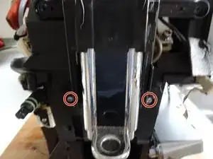 Крепление верхнего поршня фиксируется двумя винтами с левой стороны. В зависимости от модели, эти винты могут быть скрыты.
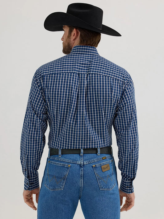 Men's Wrangler George Strait Long Sleeve Button Down - Deep Sea Plaid
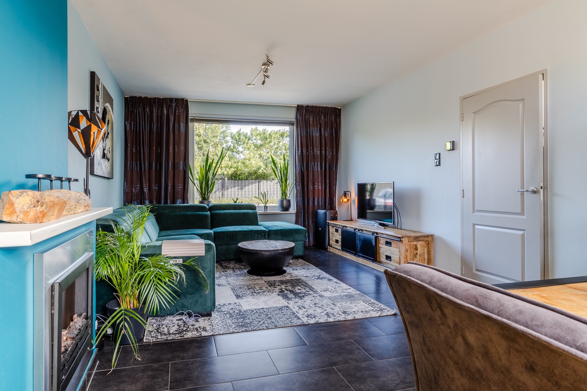 De woonkamer is voorzien van een sfeerhaard. De separate leefkeuken (ca. 9m2) heeft een keukenblok ingericht met een 5 pits gasfornuis, afzuigkap, koelkast en magnetron. Vanuit de keuken is er toegang tot de tuin.
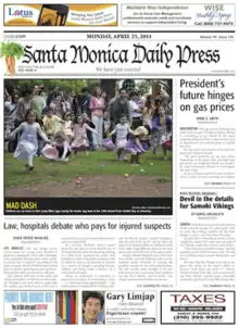 The Santa Monica Daily Press is a freely distributed microdaily newspaper in Santa Monica which was founded in 2001[1] by Dave Danforth, Carolyn Sackariason, and Ross Furukawa. The Santa Monica Daily Press is the only local daily newspaper in circulation in Santa Monica, California. The Daily Press has a circulation of 28,000 and a readership of 43,600.
************
> **EXERCISE DETAILS**
Could the data above be copied out exactly, with no pictures kept?

> **WRITTEN RESPONSE**
 Крепление верхнего поршня фиксируется двумя винтами с левой стороны. В зависимости от модели, эти винты могут быть скрыты.
 Men's Wrangler George Strait Long Sleeve Button Down - Deep Sea Plaid
 De woonkamer is voorzien van een sfeerhaard. De separate leefkeuken (ca. 9m2) heeft een keukenblok ingericht met een 5 pits gasfornuis, afzuigkap, koelkast en magnetron. Vanuit de keuken is er toegang tot de tuin.
 The Santa Monica Daily Press is a freely distributed microdaily newspaper in Santa Monica which was founded in 2001[1] by Dave Danforth, Carolyn Sackariason, and Ross Furukawa. The Santa Monica Daily Press is the only local daily newspaper in circulation in Santa Monica, California. The Daily Press has a circulation of 28,000 and a readership of 43,600.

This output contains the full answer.